Your instructions: The full set of entries has to be output exactly.

---*---

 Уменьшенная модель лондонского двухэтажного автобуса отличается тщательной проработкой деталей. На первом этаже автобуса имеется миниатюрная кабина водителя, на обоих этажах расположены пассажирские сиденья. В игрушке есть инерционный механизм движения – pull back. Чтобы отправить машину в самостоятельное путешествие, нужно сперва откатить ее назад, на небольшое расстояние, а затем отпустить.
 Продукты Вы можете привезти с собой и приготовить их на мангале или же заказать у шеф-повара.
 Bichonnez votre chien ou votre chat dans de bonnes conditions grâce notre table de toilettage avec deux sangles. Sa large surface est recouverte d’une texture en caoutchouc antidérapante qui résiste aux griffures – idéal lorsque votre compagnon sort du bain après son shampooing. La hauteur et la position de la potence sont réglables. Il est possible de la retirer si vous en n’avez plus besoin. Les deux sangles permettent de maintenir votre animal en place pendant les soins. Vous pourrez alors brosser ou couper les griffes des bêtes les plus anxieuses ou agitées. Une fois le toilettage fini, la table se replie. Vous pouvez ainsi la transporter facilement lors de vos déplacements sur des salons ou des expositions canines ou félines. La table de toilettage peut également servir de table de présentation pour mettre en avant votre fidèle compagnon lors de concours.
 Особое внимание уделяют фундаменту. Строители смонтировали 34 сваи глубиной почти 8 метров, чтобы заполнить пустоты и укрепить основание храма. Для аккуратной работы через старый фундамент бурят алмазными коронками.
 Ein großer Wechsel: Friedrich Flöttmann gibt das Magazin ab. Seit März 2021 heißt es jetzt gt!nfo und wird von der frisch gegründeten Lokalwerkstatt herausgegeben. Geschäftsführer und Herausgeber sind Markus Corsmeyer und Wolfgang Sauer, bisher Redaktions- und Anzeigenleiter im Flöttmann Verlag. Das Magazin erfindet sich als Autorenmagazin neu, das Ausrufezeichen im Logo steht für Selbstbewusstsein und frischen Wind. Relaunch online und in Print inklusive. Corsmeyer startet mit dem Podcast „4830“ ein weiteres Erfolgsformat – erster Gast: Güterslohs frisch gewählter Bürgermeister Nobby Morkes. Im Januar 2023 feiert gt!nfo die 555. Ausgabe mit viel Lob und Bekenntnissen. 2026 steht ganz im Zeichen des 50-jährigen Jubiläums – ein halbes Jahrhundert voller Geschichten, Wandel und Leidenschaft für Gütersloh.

---*---

Answer to this problem:
 Уменьшенная модель лондонского двухэтажного автобуса отличается тщательной проработкой деталей. На первом этаже автобуса имеется миниатюрная кабина водителя, на обоих этажах расположены пассажирские сиденья. В игрушке есть инерционный механизм движения – pull back. Чтобы отправить машину в самостоятельное путешествие, нужно сперва откатить ее назад, на небольшое расстояние, а затем отпустить.
 Продукты Вы можете привезти с собой и приготовить их на мангале или же заказать у шеф-повара.
 Bichonnez votre chien ou votre chat dans de bonnes conditions grâce notre table de toilettage avec deux sangles. Sa large surface est recouverte d’une texture en caoutchouc antidérapante qui résiste aux griffures – idéal lorsque votre compagnon sort du bain après son shampooing. La hauteur et la position de la potence sont réglables. Il est possible de la retirer si vous en n’avez plus besoin. Les deux sangles permettent de maintenir votre animal en place pendant les soins. Vous pourrez alors brosser ou couper les griffes des bêtes les plus anxieuses ou agitées. Une fois le toilettage fini, la table se replie. Vous pouvez ainsi la transporter facilement lors de vos déplacements sur des salons ou des expositions canines ou félines. La table de toilettage peut également servir de table de présentation pour mettre en avant votre fidèle compagnon lors de concours.
 Особое внимание уделяют фундаменту. Строители смонтировали 34 сваи глубиной почти 8 метров, чтобы заполнить пустоты и укрепить основание храма. Для аккуратной работы через старый фундамент бурят алмазными коронками.
 Ein großer Wechsel: Friedrich Flöttmann gibt das Magazin ab. Seit März 2021 heißt es jetzt gt!nfo und wird von der frisch gegründeten Lokalwerkstatt herausgegeben. Geschäftsführer und Herausgeber sind Markus Corsmeyer und Wolfgang Sauer, bisher Redaktions- und Anzeigenleiter im Flöttmann Verlag. Das Magazin erfindet sich als Autorenmagazin neu, das Ausrufezeichen im Logo steht für Selbstbewusstsein und frischen Wind. Relaunch online und in Print inklusive. Corsmeyer startet mit dem Podcast „4830“ ein weiteres Erfolgsformat – erster Gast: Güterslohs frisch gewählter Bürgermeister Nobby Morkes. Im Januar 2023 feiert gt!nfo die 555. Ausgabe mit viel Lob und Bekenntnissen. 2026 steht ganz im Zeichen des 50-jährigen Jubiläums – ein halbes Jahrhundert voller Geschichten, Wandel und Leidenschaft für Gütersloh.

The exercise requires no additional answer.